| TO DO |
Beneath this instruction is a block of data; output from it exactly the lines that run from the one containing "該車用于桶裝垃圾收集轉運,專" through the one containing "点击底部的【更多功能】按钮,进入更多功能", inclusive.

| RECORDS |
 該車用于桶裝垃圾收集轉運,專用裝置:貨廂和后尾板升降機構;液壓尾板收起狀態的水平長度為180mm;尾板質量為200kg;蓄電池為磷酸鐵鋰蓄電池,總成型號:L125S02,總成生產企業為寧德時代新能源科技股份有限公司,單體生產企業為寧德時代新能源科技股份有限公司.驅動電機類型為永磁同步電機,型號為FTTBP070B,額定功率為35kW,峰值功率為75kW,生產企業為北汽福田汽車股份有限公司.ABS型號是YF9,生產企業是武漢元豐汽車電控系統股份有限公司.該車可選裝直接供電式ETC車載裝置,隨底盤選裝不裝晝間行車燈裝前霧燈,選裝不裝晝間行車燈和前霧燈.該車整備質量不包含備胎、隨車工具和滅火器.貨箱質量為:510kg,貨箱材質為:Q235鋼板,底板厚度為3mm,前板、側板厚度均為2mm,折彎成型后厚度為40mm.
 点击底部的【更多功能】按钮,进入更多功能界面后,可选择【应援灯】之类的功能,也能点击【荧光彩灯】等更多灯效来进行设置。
--
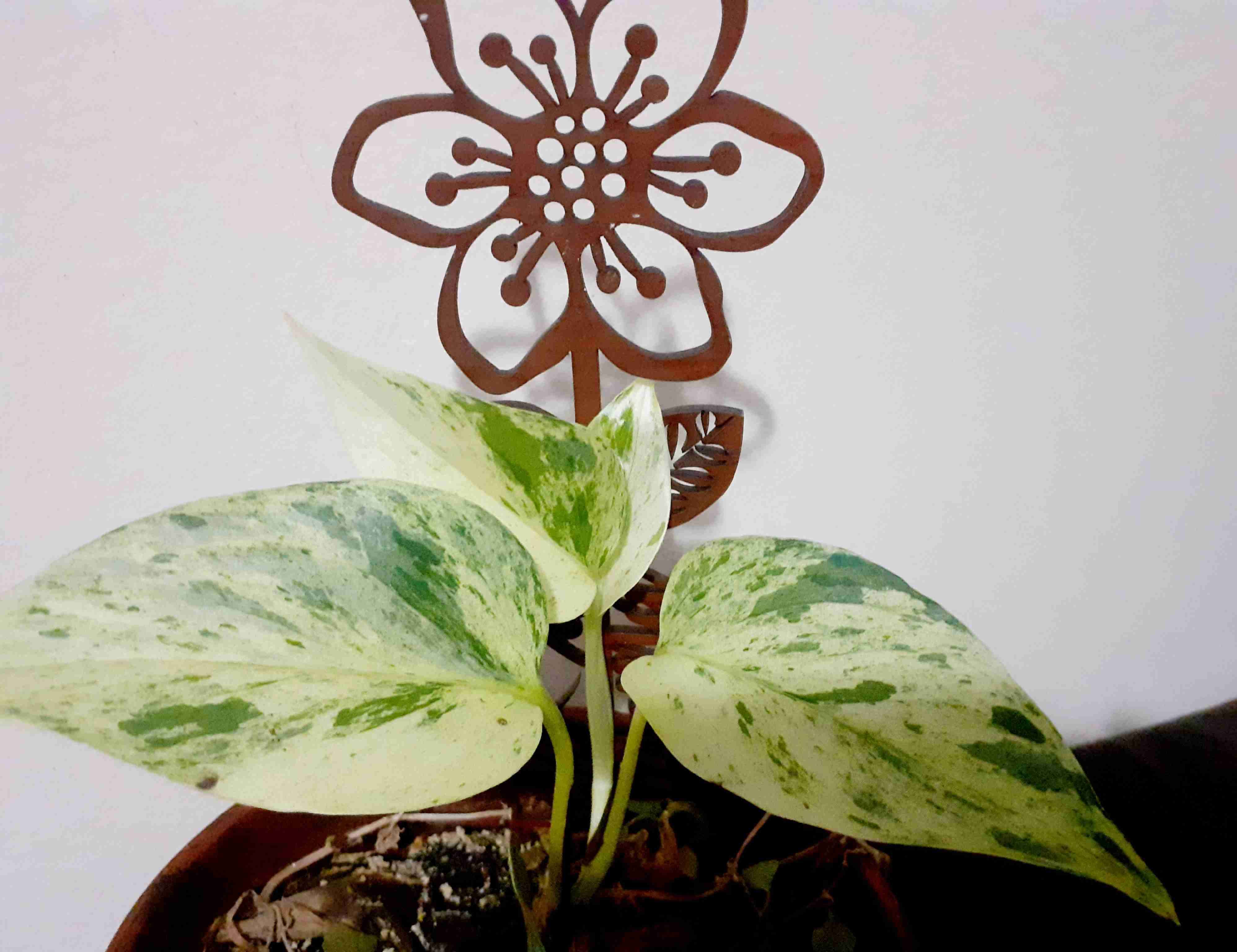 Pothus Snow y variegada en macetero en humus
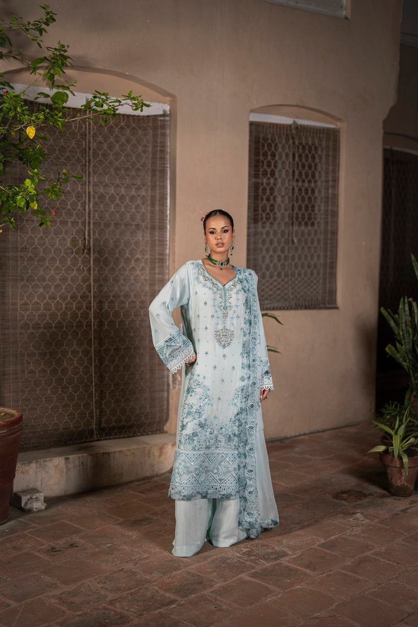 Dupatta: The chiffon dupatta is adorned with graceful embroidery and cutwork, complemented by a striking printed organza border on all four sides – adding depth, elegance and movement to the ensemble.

| ANSWER SPACE |
 該車用于桶裝垃圾收集轉運,專用裝置:貨廂和后尾板升降機構;液壓尾板收起狀態的水平長度為180mm;尾板質量為200kg;蓄電池為磷酸鐵鋰蓄電池,總成型號:L125S02,總成生產企業為寧德時代新能源科技股份有限公司,單體生產企業為寧德時代新能源科技股份有限公司.驅動電機類型為永磁同步電機,型號為FTTBP070B,額定功率為35kW,峰值功率為75kW,生產企業為北汽福田汽車股份有限公司.ABS型號是YF9,生產企業是武漢元豐汽車電控系統股份有限公司.該車可選裝直接供電式ETC車載裝置,隨底盤選裝不裝晝間行車燈裝前霧燈,選裝不裝晝間行車燈和前霧燈.該車整備質量不包含備胎、隨車工具和滅火器.貨箱質量為:510kg,貨箱材質為:Q235鋼板,底板厚度為3mm,前板、側板厚度均為2mm,折彎成型后厚度為40mm.
 点击底部的【更多功能】按钮,进入更多功能界面后,可选择【应援灯】之类的功能,也能点击【荧光彩灯】等更多灯效来进行设置。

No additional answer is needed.